OK, so today I picked up New Scientist, because I’m interested in gravity, and there was a fairly basic bit on it in there. Nothing very exciting I did not know as it turned out, but New Scientist is always worth a read anyway. There was an article on how engineers form a disproportionate number of rightist and Islamic terrorists – well I hardly thought this was news, the only profile I ever saw for a religious terror suspect a few years back in a book on terrorism said exactly the same thing as this new research. Disaffected intelligent and well educated people tend to blow things up? No surprise there! I could have told you that… Anyway, I’m not planning to blow anything up, but I strongly suspect that massive social injustice, lack of opportunity and economic disempowerment, poverty to the point where you have no choices left to make at all, but just survive, lead to terrorism. No that is not a confession. 🙂
Seriously though, if you face serious injustice, serious lack of ability to do anything much with your life and yet see people enjoying vastly superior lifestyles, you might get annoyed – especially if your kids are dying, or you lack basic clean water while others jet ski and bask on beaches? I think the root of terrorism is human nature and anger at injustice. That’s not to say it always is – we get ideologically driven super-rich terrorists, and political types, and I expect religious ones – but it does strike me that Westerners often fail to reflect on atrocities, massacres and injustices that create militants. I’m guessing it’s easier to be complacent and not want to kill anyone if you are comfortable, not hungry, and your friends are not the victims of genocide. Frustration, resentment, poverty – coupled with intelligence and technology, and you have the capacity for people to lash out in frighteningly destructive ways. Not a legitimate form of protest now, but people in pain react irrationally… Want to beat terrorism? Provide educational, social and economic justice maybe?
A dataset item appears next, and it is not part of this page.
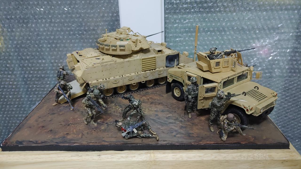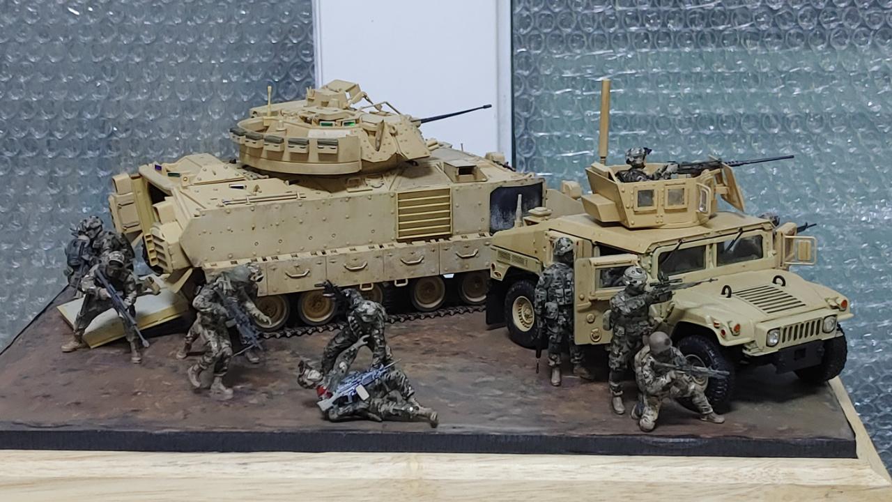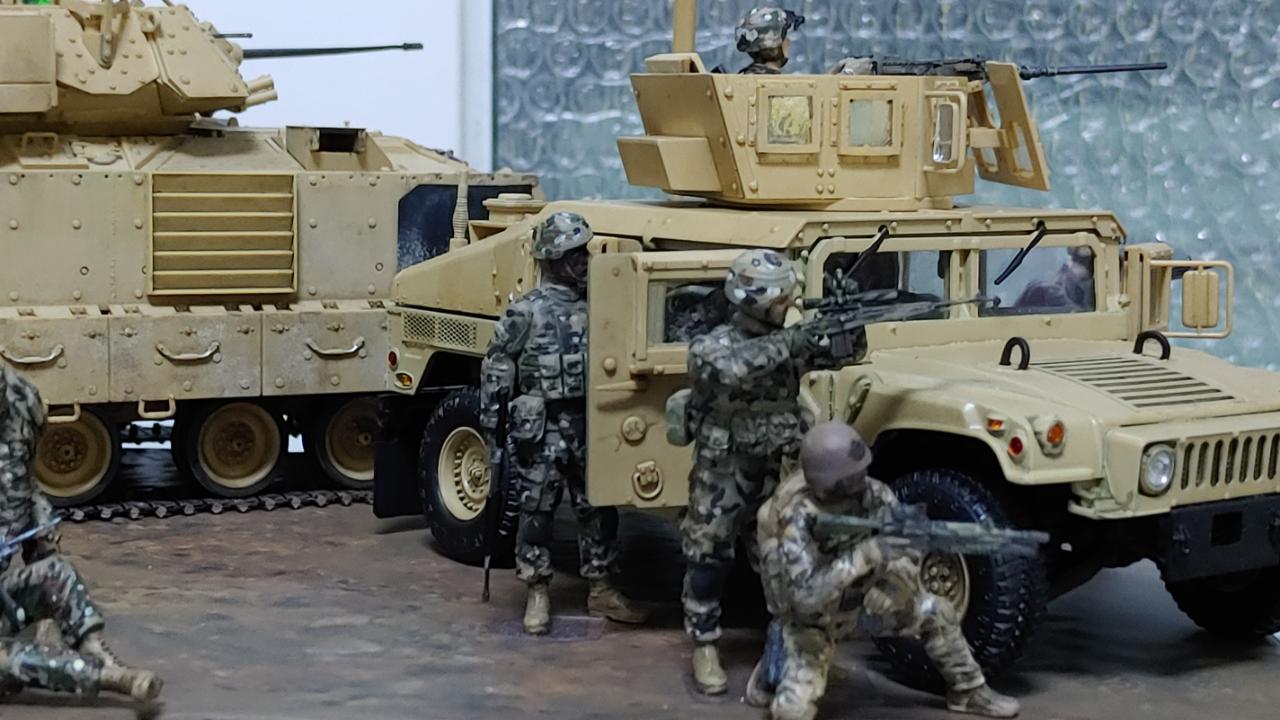 M2A2 보병전투차와 M1151 장갑험비에서 병력이 내려 전개하는 상황을 만들어 봤습니다...

Anyhow, while the actual article was not exciting — it is well written, the research well formulated, but hardly going to help profile future terrorists especially given that leftists ones aren’t engineers anyway, so it’s a bit limited in that way, the Editorial interested me more, and brought my thoughts back to something I planned to write on anyway. The Editorial suggests some engineers may dislike ambiguity, and want a clockwork well ordered world, and lash out when it is not so, adopting terrorist tactics. The key bit here to me is “dislike ambiguity”, because as long term readers of my writings on the JREF and Dawkins forum will know, that si exactly the trait I noted in many “New Atheists” and sceptics. One can not generalize – I know a good few New Atheists with a great appreciation and understanding of ambiguity, and there is one literary critic on the Dawkins forum who could certainly teach me a thing or two about the notion – I did read Seven Types of Ambiguity, but that was many, many years ago. However the very literalist/concrete reading and failure to understand the symbolic nature of religious language one comes across on both forums, coupled with a dislike of mystery and the unexplained – well except as a research challenge, an attitude I heartily share – made me propose that actually people with strong ideological beliefs may simply be less able to process or deal with “insufficient data” or ambiguous concepts. “woo” sometimes seems to be any mysterious or hard to explain concept that threatens an ordered mechanistic worldview. Wonder hwo they deal with gambling, chance and fate? Denying Free Will and embracing materialist determism is one way I guess. 🙂
I actually have been trying to get a research methodology together for this – my divorce from the University of Gloucestershire, an institution with which I have no connection at all now – makes it harder, and the very notion of ambiguity appears to have been ignored in the psychology journals. I was willing to self fund, but the person I hoped to collaborate with on my research in to belief structures and ambiguity has vanished, or is not returning my calls, so I guess I’m going to have to pursue this alone.I don’t want to do a PhD on it – just an exploratory paper. 🙂 I’m not interested in finding terrorists – I actually think it has no useful potential there for reasons outlined in New Scientist – but I am sure as hell interested in what makes people adopt their religious worldview, or active anti-religious worldview. Sure i can see where Dawkins is coming from – he sees Natural Selection, a beautiful and useful idea, as invalidating religious thinking. No, it invalidates forms of Latitudinarian natural theology common in the 18th century — if most religious believers think like Paley or Newton, I have yet to notice it!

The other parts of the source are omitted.